途中にベンチや川辺に降りられるスポットもあり、子どもたちは小石を拾ったり、川の音に耳を澄ませたりと、自然との触れ合いを楽しめました。
「どこまで歩くか」は体力や天候次第で調整できるのも、このトレイルの魅力です。

「これ…飲めそうなレベルじゃない?」
りゅうがふざけ半分に言うと、ちょうど近くを通りかかった地元の年配の男性が、ニッと笑って立ち止まった。

「ここ砂卡礑トレイルの川の水は、昔は実際に地元の人々が飲料水として利用していたいう話があるんだよ。かつてこの地で暮らしていた人々にとっては、これが日常だったんだよ。」
3人そろっておじさんの話を聞いて驚きました。そのおじさんは手をひらひらさせながら、続けました。

「今はもちろん、衛生や安全の観点から飲用は禁止されているよ、それに上流の方に猿がいるから、水質も安全も、気をつけた方が良いね。」
地元の人の飾らない言葉が、その自然との“ちょうどいい距離感”を私たちにそっと教えてくれたように思います。この澄んだ水が“命をつないでいた水”だったと知るだけで、景色の見え方が少し変わる気がしました。
思わぬ寄り道|地元の人に教わった隠れカフェ
帰り道、砂卡礑トレイルを歩き終えた私たちは、谷に沿ってしばらく無言のまま歩いていました。疲れていたというより、あの景色の余韻を、誰もがそれぞれの心で反すうしていたのだと思います。
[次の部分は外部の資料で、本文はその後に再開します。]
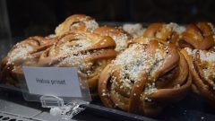 Gillis och Irene Hjelm står i kön och på frågan vad som ska inhandlas blir det ett snabbt svar; ”Kanelbullar såklart”.
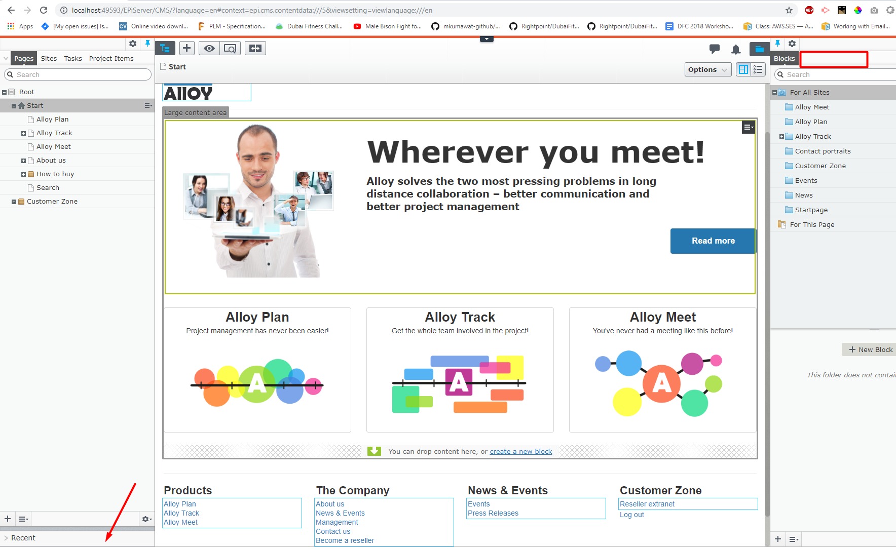 When you run your application, You can see the users with Role CmsApprover have two gadgets ProjectToolbar and MediaToolbar hidden for them. I've highlighted them below where they should have been appeared with non CmsApprover roles.
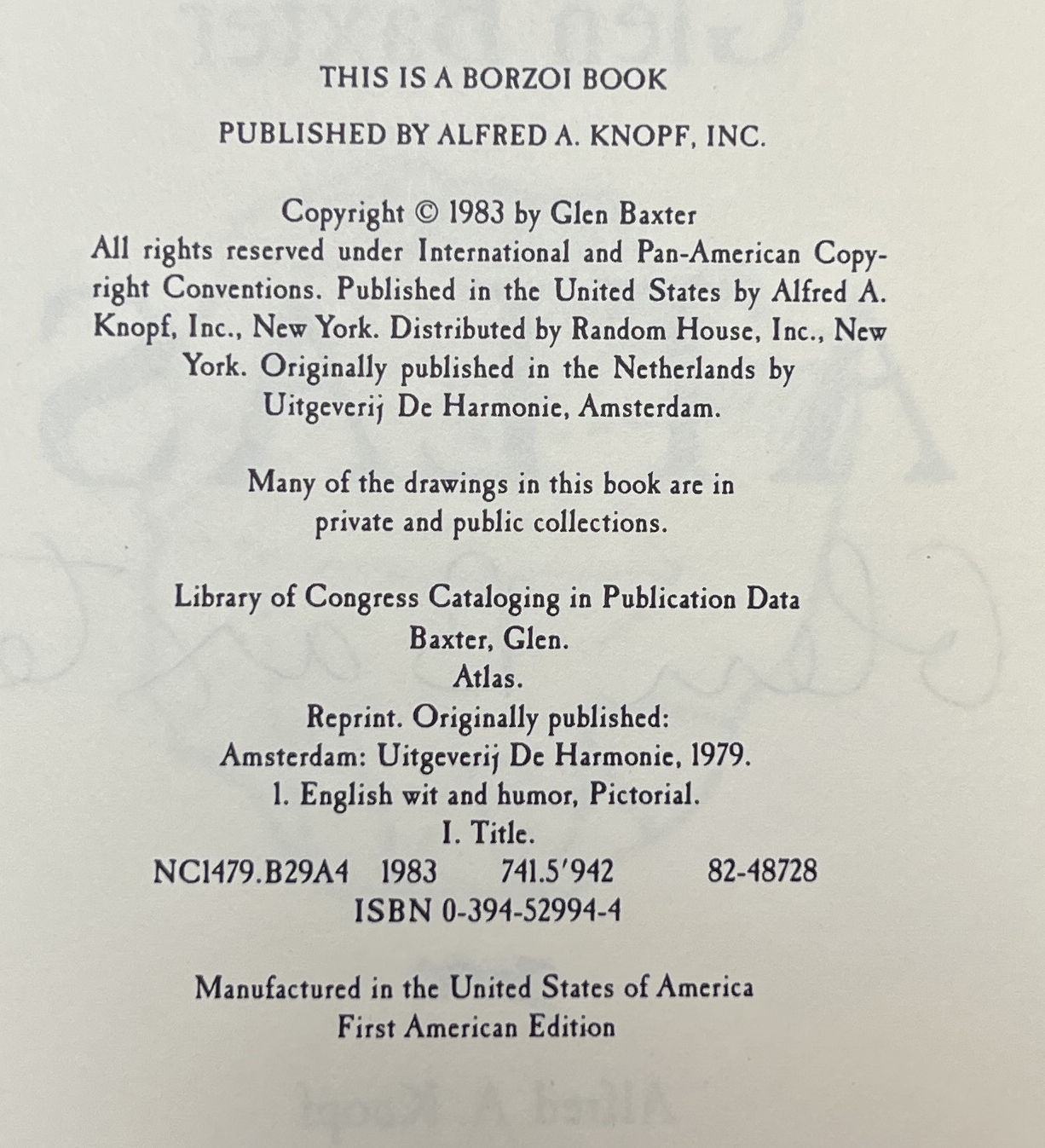 New York: Alfred A. Knopf, 1983. First Edition. Hardcover. Very Good. Signed by Baxter on the title page. Very Good. Glossy orange laminated boards. Square and firmly bound, a few pages with dampstains on the top edge, clean otherwise. The first U.S. edition of the first book of the beloved English artist.

「ママ、なんか喉かわかない?スッキリするの飲みたくなってきた…冷たいの」

「あっオレも飲みたい!」
私も子どもたちと同じ気持ちでした。足の裏にはほどよい疲労感、陽に照らされた頬はほんのり熱を帯びていて、水分というより“ご褒美”のような飲み物を欲していました。
ちょうどそのとき、道端に小さな売店が現れたのです。棚には乾物やローカルなお菓子が並び、店番のおばちゃんがこちらに気づくと、にこやかに声をかけてきました。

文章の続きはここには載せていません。